* _Problem requirements_: Only the pictures should be left out; repeat the rest of the data exactly.

* _Data extract_:
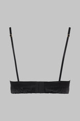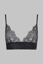 Bustier-Triangel-BH aus Seide und Wimpernspitze. Bügelfreie Triangel-Cups aus transparenter fester Spitze, die sich perfekt an die Brust anschmiegen. Ein breites, mit geraffter Seide bedecktes Gummiband am Rücken sorgt für perfekten Halt. Verstellbarer Hakenverschluss am Rücken. Zarte verstellbare Träger mit goldenen Details.
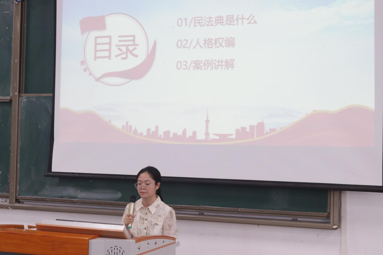 活动围绕民法典普及、反诈禁毒教育、健康安全防护三大主题展开。太湖港街道特聘律师王玉梅女士首先以《民法典与公民权益保护》为题,结合生活案例,深入解读民法典的核心内容,强调其作为“社会生活的百科全书”的重要意义,并现场发放宣传手册,激发师生学法用法的热情。
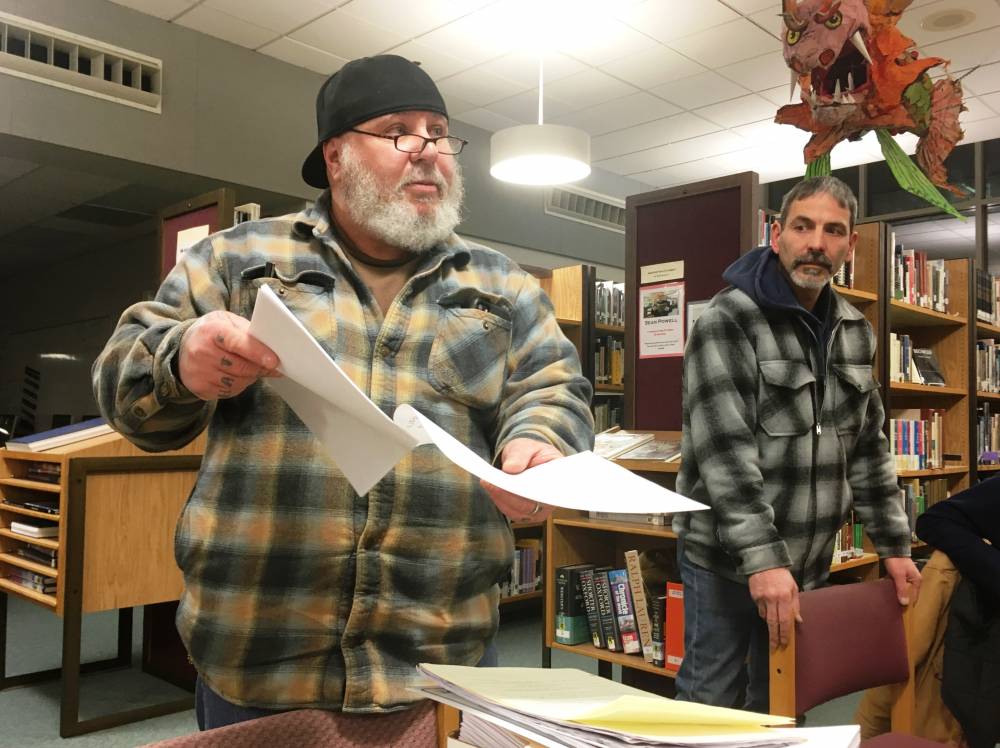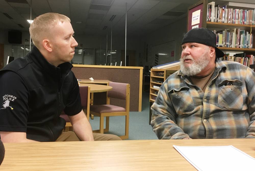 Terry Miles, left, and Paul Bermudez have organized Ketchikan’s first Neighborhood Watch, for the area of lower Jackson Street and Upper Monroe. The group had an informational meeting on Wednesday at the Ketchikan High School library. (KRBD photo by Leila Kheiry)
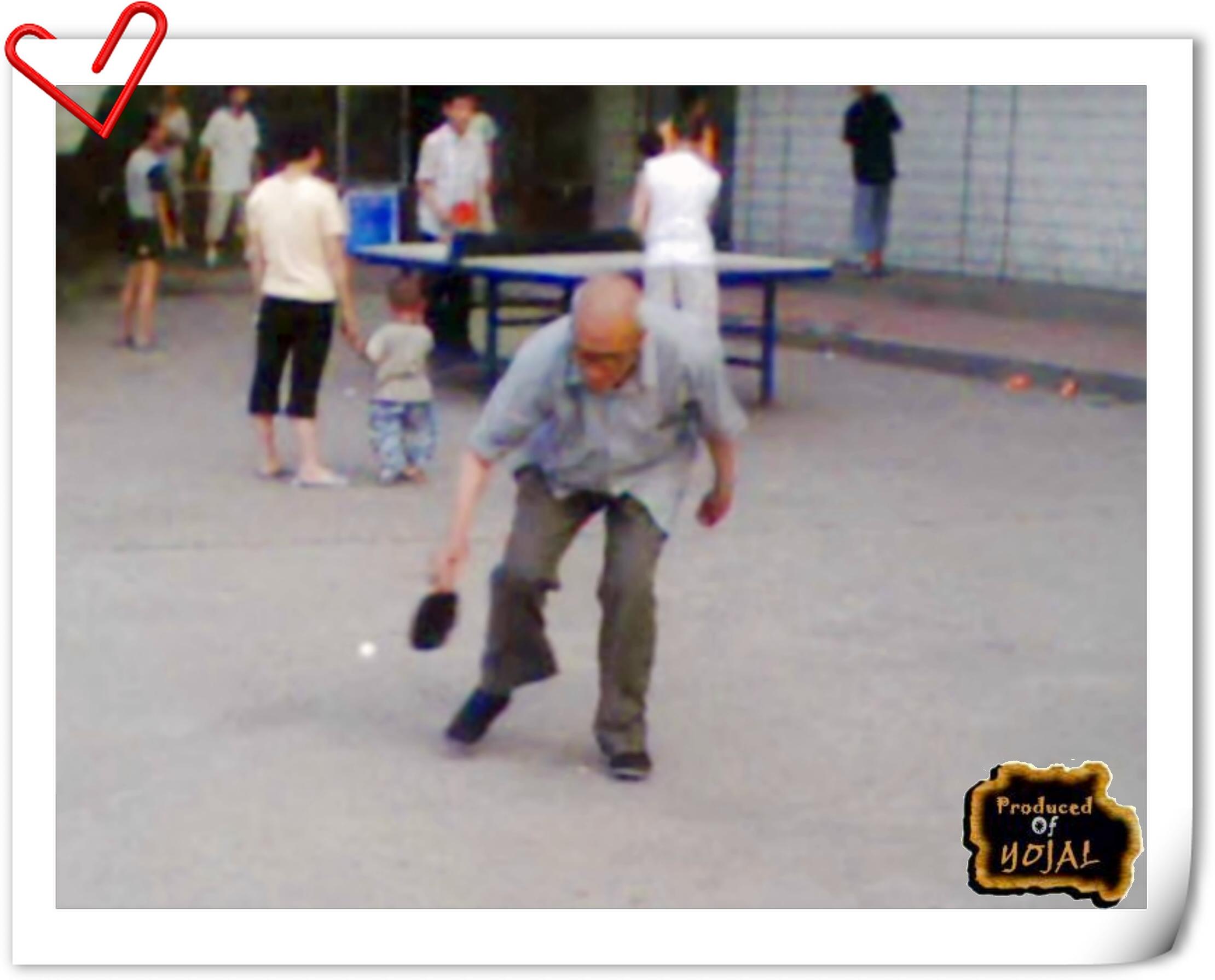 今天从游泳中心出来从球台边走过,看到祖孙两人在乒乓对战。年迈的爷爷面对孙子仍显稚嫩的抽杀已经很难招架,于是他就尽是捡球……

* _Solution_:
 Bustier-Triangel-BH aus Seide und Wimpernspitze. Bügelfreie Triangel-Cups aus transparenter fester Spitze, die sich perfekt an die Brust anschmiegen. Ein breites, mit geraffter Seide bedecktes Gummiband am Rücken sorgt für perfekten Halt. Verstellbarer Hakenverschluss am Rücken. Zarte verstellbare Träger mit goldenen Details.
 活动围绕民法典普及、反诈禁毒教育、健康安全防护三大主题展开。太湖港街道特聘律师王玉梅女士首先以《民法典与公民权益保护》为题,结合生活案例,深入解读民法典的核心内容,强调其作为“社会生活的百科全书”的重要意义,并现场发放宣传手册,激发师生学法用法的热情。
 Terry Miles, left, and Paul Bermudez have organized Ketchikan’s first Neighborhood Watch, for the area of lower Jackson Street and Upper Monroe. The group had an informational meeting on Wednesday at the Ketchikan High School library. (KRBD photo by Leila Kheiry)
 今天从游泳中心出来从球台边走过,看到祖孙两人在乒乓对战。年迈的爷爷面对孙子仍显稚嫩的抽杀已经很难招架,于是他就尽是捡球……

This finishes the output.